What you should do - Transcribe exactly, leaving out pictures, the lines from the one that holds "11月6日,建材控股漳州混凝" through the end of the data below, including both end lines and no others.

Saved data entries
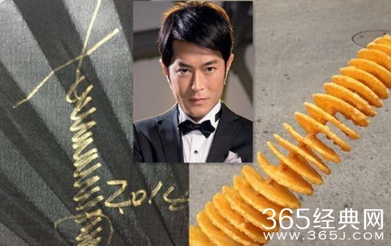 其实说到签名,前面的跟古天乐相比那简直就是小巫见大巫,因为古天乐的签名,与其说是签名,倒不如说是街头流行小吃——薯片串“旋风土豆”。
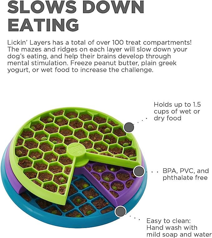 In tegenstelling tot veel gangbare intelligentiespellen waar je de beloningen onder kegels, schuifjes en dergelijke steekt, is dit echter ook een likmat waar je zowel vaste als vloeibare snacks in kan doen. Nog leuker is het om een combinatie van beide in de Lickin’ Layers te verstoppen!
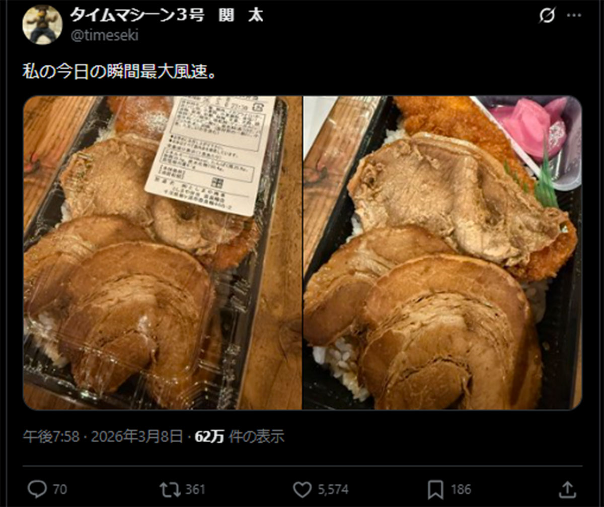 タイムマシーン3号の関太が投稿した「としまや」の「としまやゴージャス弁当」(画像・3月8日投稿の『タイムマシーン3号 関 太』のX「@timeseki」より)
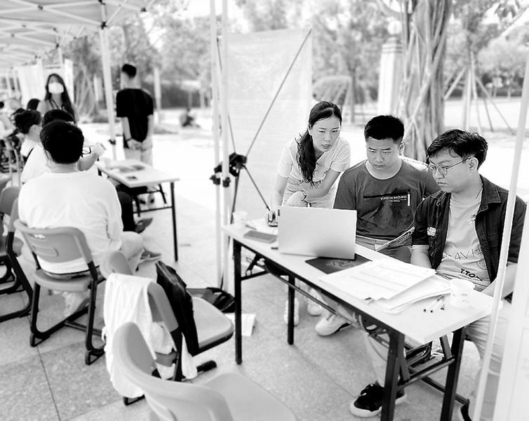 11月6日,建材控股漳州混凝土公司參加漳州職業(yè)技術(shù)學(xué)院2021屆畢業(yè)生冬季供需見面會,共有100多家企業(yè)參加了此次供需見面會。圖為工作人員向畢業(yè)生宣講企業(yè)文化。(韓輝攝影報道)
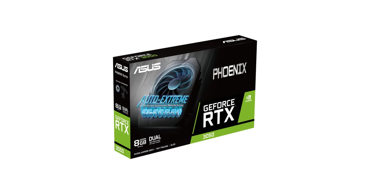 ASUS Phoenix PH-RTX3050-8G, GeForce RTX 3050, 8 GB, GDDR6, 128 bit, 7680 x 4320 pixels, PCI Express 4.0
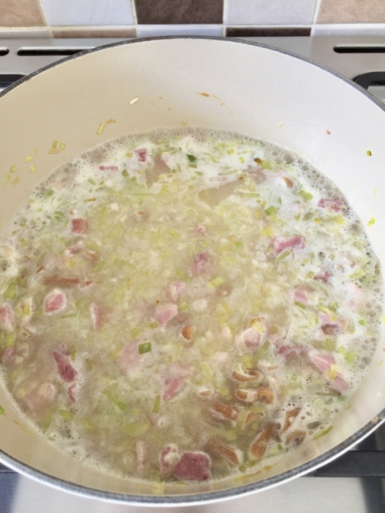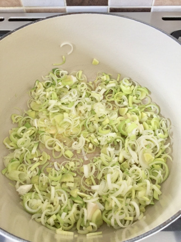 - Melt butter in a large, casserole style pot and add sliced leeks. Fry them gently on a medium heat until softened but not coloured stirring frequently approx 8-10 min.

Your response -
 11月6日,建材控股漳州混凝土公司參加漳州職業(yè)技術(shù)學(xué)院2021屆畢業(yè)生冬季供需見面會,共有100多家企業(yè)參加了此次供需見面會。圖為工作人員向畢業(yè)生宣講企業(yè)文化。(韓輝攝影報道)
 ASUS Phoenix PH-RTX3050-8G, GeForce RTX 3050, 8 GB, GDDR6, 128 bit, 7680 x 4320 pixels, PCI Express 4.0
 - Melt butter in a large, casserole style pot and add sliced leeks. Fry them gently on a medium heat until softened but not coloured stirring frequently approx 8-10 min.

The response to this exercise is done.